- _DATA SHOWN_
###
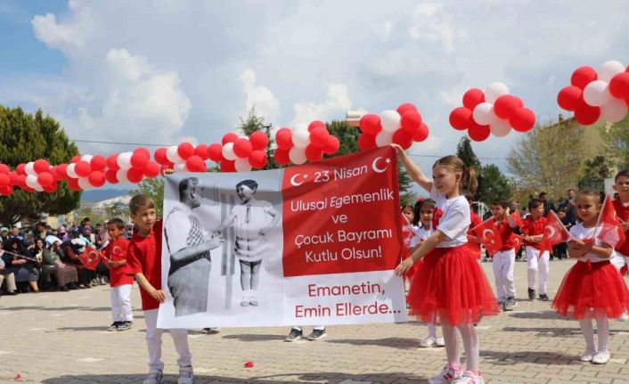 Kutlamalar, Hükümet Konağı önündeki Atatürk büstüne İlçe Milli Eğitim Müdürü Ahmet Ataşman’ın çelenk sunumuyla başladı. Daha Cumhuriyet İlkokulu bahçesindeki kutlamalara geçildi. Burada İlçe Mili Eğitim Ahmet Ataşman, günün anlam ve önemini belirten bir konuşma yaptı. Ataşman, "Türkiye Cumhuriyeti’nin ve yüce milletimizin umudu, neşesi ve güvencesi sevgili çocuklar; bugün milli birlik ve beraberlik duygularıyla coşan ve güçlenen milli iradenin temsil edildiği, TBMM’nin kuruluşu ile milli, çağdaş, laik, demokratik ve egemen yeni Türk devletinin doğuşunun 103’nci yıldönümüdür. Bugünü engin bir şevk ve heyecanla kutlamanın onur ve mutluluğu içindeyiz. 23 Nisan, Türk Milleti’nin emperyalist devletlerin her türlü baskı, zulüm ve işgaline karşı, Gazi Mustafa Kemal Atatürk’ün önderliğinde milli egemenliğimizin hakim kılındığı gündür. Milli varlığımızı yüceltme azim, karar ve heyecanını yüreğimizde duyduğumuz gündür" dedi.
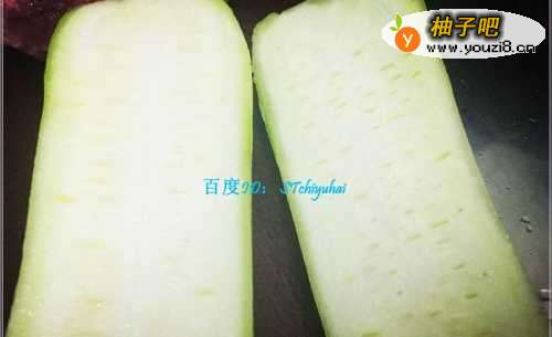 2将丝瓜去头去尾,然后腌制竖直方向对半切开,接着将其切成薄片状。
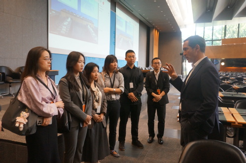多元参访:搭建国际合作新桥梁。在联合国会议中心(万国宫)驻留期间,联合国官员Shyami Puvimanasinghe向研学团介绍了联合国在促进教育公平方面的工作成果。世界贸易组织官员Fernando Puchol带领研学团参观了世贸组织总部大楼等,详细讲解WTO的磋商会议程序、决策机制以及中国参与全球经贸治理的实践,并就“中国WTO模拟法庭”赛事与学生深入交流。
###
- _YOUR TASK_
Without any pictures, print the whole listing again exactly as it stands.

- _OUTPUT OF THE EXERCISE_
 Kutlamalar, Hükümet Konağı önündeki Atatürk büstüne İlçe Milli Eğitim Müdürü Ahmet Ataşman’ın çelenk sunumuyla başladı. Daha Cumhuriyet İlkokulu bahçesindeki kutlamalara geçildi. Burada İlçe Mili Eğitim Ahmet Ataşman, günün anlam ve önemini belirten bir konuşma yaptı. Ataşman, "Türkiye Cumhuriyeti’nin ve yüce milletimizin umudu, neşesi ve güvencesi sevgili çocuklar; bugün milli birlik ve beraberlik duygularıyla coşan ve güçlenen milli iradenin temsil edildiği, TBMM’nin kuruluşu ile milli, çağdaş, laik, demokratik ve egemen yeni Türk devletinin doğuşunun 103’nci yıldönümüdür. Bugünü engin bir şevk ve heyecanla kutlamanın onur ve mutluluğu içindeyiz. 23 Nisan, Türk Milleti’nin emperyalist devletlerin her türlü baskı, zulüm ve işgaline karşı, Gazi Mustafa Kemal Atatürk’ün önderliğinde milli egemenliğimizin hakim kılındığı gündür. Milli varlığımızı yüceltme azim, karar ve heyecanını yüreğimizde duyduğumuz gündür" dedi.
 2将丝瓜去头去尾,然后腌制竖直方向对半切开,接着将其切成薄片状。
多元参访:搭建国际合作新桥梁。在联合国会议中心(万国宫)驻留期间,联合国官员Shyami Puvimanasinghe向研学团介绍了联合国在促进教育公平方面的工作成果。世界贸易组织官员Fernando Puchol带领研学团参观了世贸组织总部大楼等,详细讲解WTO的磋商会议程序、决策机制以及中国参与全球经贸治理的实践,并就“中国WTO模拟法庭”赛事与学生深入交流。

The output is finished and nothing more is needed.